Harassment can include unwelcome sexual advances and any verbal or physical harassment of a sexual nature. However, sexual harassment does not have to be of a sexual nature – it can include any offensive remarks about a person’s sex. For example, it is illegal to harass a woman by making offensive comments about women in general.[1] Both the victim and the harasser can be either a woman or a man, and the victim and harasser can be the same sex. Even simple teasing, offhand comments, or isolated incidents that may not seem very serious, can be illegal especially when they are frequent, severe, create a hostile or offensive work environment or when it results in an adverse employment decision (such as the victim being fired or demoted). The harasser can be the victim’s supervisor, a supervisor in another area, a co-worker, or someone who is not an employee of the employer, such as a client or customer.[2] While many of these concepts may seem obvious to management, it is never wise to assume that the general work force is cognizant of the totality of circumstances that can (and do) give rise to harassment complaints. For this reason, as further discussed below, proper employee training is an absolute necessity to protecting your employees from harassment, and your company from related liabilities.

Best Practices

There is no requirement under New York law that employers provide sexual harassment training, which is in contrast to other states like Connecticut that requires all employers with fifty or more employees to provide two hours of sexual harassment training for supervisors within six months of the start of each supervisor’s employment.[3] However, to prevent sexual harassment in the workplace and, as much as possible, mitigate liability for the employer, we recommend the following best practices be embraced and implemented by New York employers.

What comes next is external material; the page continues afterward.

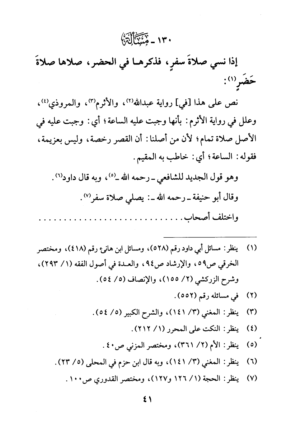 130 - مَسْألَة: إذا نسي صلاةَ سفرٍ، فذكرها في الحضر، صلاها صلاةَ حَضَرٍ (¬1):

  • Implement a strong anti-sexual harassment policy and train all employees on its contents.
  • Enforce your policy and hold employees accountable.
  • Promote an inclusive culture in the workplace by fostering an environment of professionalism and respect for personal differences.
  • Foster open communication and early dispute resolution, particularly with respect to establishing a procedure through which employees can report instances of sexual harassment without fear of repercussions from either the harasser or the company in general. This may minimize the chance of misunderstandings escalating into legally actionable problems.
  • Establish neutral and objective criteria to avoid subjective employment decisions based on personal sterotypes or hidden biases.
  • Take advantage of and implement alternative dispute-resolution practices in firm policies and employee contracts.
Recommended Content of Your Policy

At a minimum, an anti-harassment policy should contain the following statements:

  • The employer is committed to maintaining a workplace free from sexual harassment.
  • Sexual harassment is unlawful and subjects the employer to liability.
  • Any possible sexual harassment will be investigated whenever management receives a complaint or otherwise knows of possible sexual harassment occurring.
  • Those who engage in sexual harassment will be subject to disciplinary action.
  • Explain and define sexual harassment, so that employees will know what actions are prohibited.
  • Encourage employees to complain of sexual harassment that they experience or learned was (or may have been) experienced by another employee.
  • Indicate to whom employees can complain about sexual harassment (this should, particularly with smaller employers, include all owners and managers, or otherwise provide open access for employee complaints).
  • Require employees to cooperate with management during any investigation of sexual harassment .
  • Require all supervisory and management staff to report any complaint that they receive, or any harassment that they observe, to a specifically designated point person for intaking such complaints. This is particularly important given that a supervisor’s or manager’s knowledge of sexual harassment may create liability for the employer.[4]
The Faragher-Ellerth Defense

The Faragher-Ellerth defense, outlined by the Supreme Court in the companion cases of Faragher v. City of Boca Raton, 524 U.S. 775 (1998) and Burlington Industries, Inc. v. Ellerth, 24 U.S. 742 (1998), is an affirmative defense employers may use to defend against claims of harassment where:

  • no tangible adverse employment action was taken against the plaintiff (for example, discharge, demotion, or undesirable reassignment);
  • the employer exercised reasonable care to prevent and promptly correct the harassing behavior; and
  • the plaintiff employee unreasonably failed to take advantage of any preventative or corrective opportunities provided by the employer or to otherwise avoid harm (for example, by not taking advantage of reporting procedures outlined in an anti-harassment policy).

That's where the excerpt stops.